Mayank Rausaria and Sandeep Kumar Sharma
Organisations continually strive to strike a balance between increasing equipment efficiency and reducing overall maintenance costs. Asset service engineers and quality departments across industries, such as airlines, oil & gas, pharmaceuticals, telecom, automobiles, and others, are pushed continuously to optimise their planning and operational expenses.
As the Industry 4.0 paradigm continues to evolve, the Digital Twins technology provides a pragmatic opportunity to leverage virtual models to also enable impact points such as to predict failures, prescribe actions, and support digital supply chain networks.
A digital twin, by definition, offers a seamless convergence of the physical and digital worlds — creating an ever-evolving digital profile of a physical asset based on its historical and current behaviour. For example: Supply Chain Optimisation through simulation and data monitoring.
The opportunities ahead
The idea of using digital models to optimise asset efficiency is not new.

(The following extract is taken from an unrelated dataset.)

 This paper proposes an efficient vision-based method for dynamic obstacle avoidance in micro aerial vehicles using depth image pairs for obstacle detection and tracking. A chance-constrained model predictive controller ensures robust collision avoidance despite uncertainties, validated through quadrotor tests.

However, technological advancements in computational power, artificial intelligence (AI), augmented reality, actuators, and Internet of Things (IoT) are now allowing organisations to find increasingly sophisticated capabilities to simulate, model, and visualise intricate patterns.
The spectrum of possible instrumentation has also expanded beyond the conventional sensors and micro-controller to beacons, light detection & ranging, infrared, and vision technologies, allowing rich datasets to mine for signals. The next-generation technology has the potential to allow businesses to create increasingly sophisticated virtual models to optimise processes, products, and services.

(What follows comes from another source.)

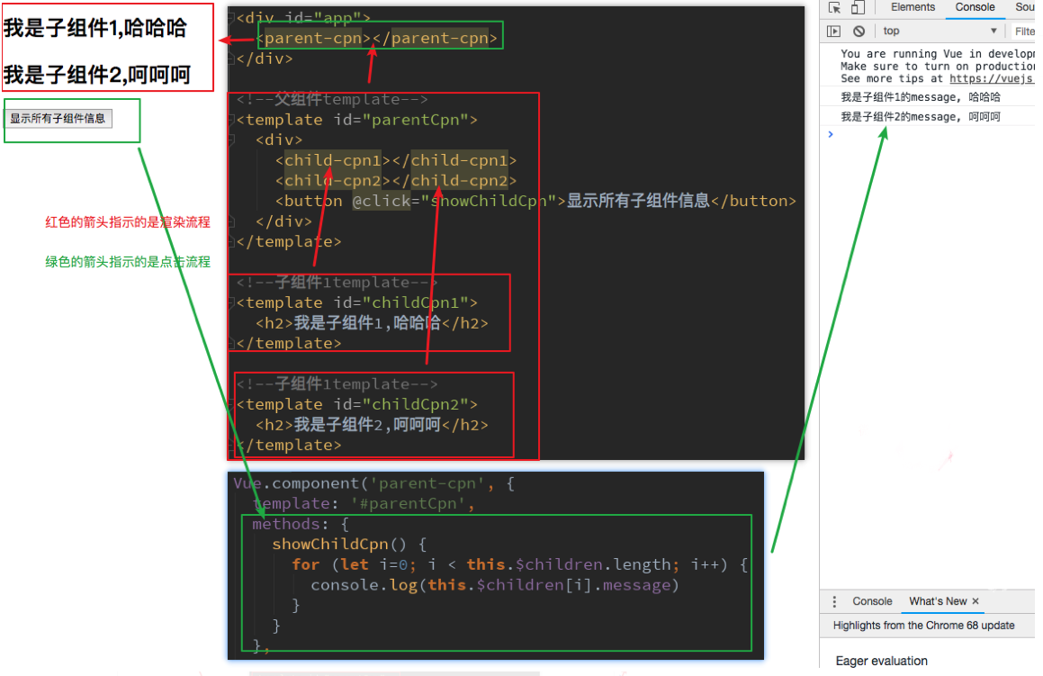 - this.$children是一个数组类型,它包含所有子组件对象。

It is imperative that organisations in the future would need to consider integrating IoT, machine learning, advanced computing infrastructure, and more to unlock entirely new business models, including as-a-service, pay-per-use, bundled services, and others.
Potential impact areas
Reachability, convenience, safety, appreciation for interdependent, and cascading, failures often constrain field maintenance. Digital twin technologies have the potential to not only enable remote sensing, the accurate curve of asset degradation, signal correlations that otherwise are hard to relate but also offer to design millions of complex what-if simulations and augment root cause analysis for detected real-world conditions.
Consider examples where an automotive original equipment manufacturer (OEM) is leveraging a state-of-the-art big data platform to predict failures and increase uptime of its asset’s aftermarket in real-time through an ensemble of machine learning algorithms. Similarly, a consumer product manufacturer is adopting a harmonised maintenance solution based on fault code correlation and image analytics for their welding and cutting robots.

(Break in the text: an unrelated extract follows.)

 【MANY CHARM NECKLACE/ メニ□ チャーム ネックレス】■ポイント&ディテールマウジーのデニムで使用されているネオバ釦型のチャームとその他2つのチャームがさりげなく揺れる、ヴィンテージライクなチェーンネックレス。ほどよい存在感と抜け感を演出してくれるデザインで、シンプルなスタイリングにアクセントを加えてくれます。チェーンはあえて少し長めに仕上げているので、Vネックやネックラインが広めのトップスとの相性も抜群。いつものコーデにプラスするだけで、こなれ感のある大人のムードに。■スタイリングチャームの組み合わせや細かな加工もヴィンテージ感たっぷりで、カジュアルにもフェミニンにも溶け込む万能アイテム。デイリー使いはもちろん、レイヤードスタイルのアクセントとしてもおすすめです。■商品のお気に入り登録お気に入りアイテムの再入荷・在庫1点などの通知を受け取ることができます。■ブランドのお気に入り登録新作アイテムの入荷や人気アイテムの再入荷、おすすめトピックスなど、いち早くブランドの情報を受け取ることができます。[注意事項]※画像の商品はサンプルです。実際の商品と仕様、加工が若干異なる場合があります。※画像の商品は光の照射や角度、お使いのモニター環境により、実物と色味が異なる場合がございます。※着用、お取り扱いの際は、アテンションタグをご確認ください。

Key bottlenecks in realising the promise of digital twins are interoperability of communication between sensors, operational technology hardware, and vendor platforms; suboptimal design of signal transmission; balancing the cost-versus-benefit analysis on the number of sensors needed. Organisations that plan to explore as-a-service revenue models should consider potential privacy and cyber risks as data get aggregated from multiple networks. Effective planning and architecture are seen to have yielded success in multiple enterprises.
The road ahead
Given the vast opportunity and applications of the digital twin, organisations often have a dilemma about where to start. While an overly simplistic model may not yield the value, undertaking a vast scope too fast can be overwhelming with millions of signals and complexity of technology.
Organisations could consider starting with a vision by exploring the possibilities for a digital twin. A focus on a specific use case that has a high possible value, and the best chance to succeed is to go broader than deeper, stabilise the pilot, and industrialise by adding adjacent process areas.
During the early phases of the journey, focus on consolidating and visualising complex data sets to generate rule-based alerts. Following this scale for anomaly detection, preventive maintenance, and prescribing corrective action capabilities can be looked into.
As capabilities and sophistication grow, it is expected to have more organisations use digital twin technologies to optimise processes, to make data-driven decisions in real-time, and to design new products and services. The potential gets amplified with advances in the near-future technologies such as 5G networks, open-source activity, and Quantum.
Globally, many organisations have already started pioneering and piloting digital twin technologies. Others are likely to soon follow as early adopters demonstrate the first-mover advantage in their respective sectors. The question for organisations should be on when and where to get started, rather than if.Mayank Rausaria is Partner, Deloitte Touche Tohmatsu India LLP and Sandeep Kumar Sharma is Managing Director, Deloitte in India. Views are personal.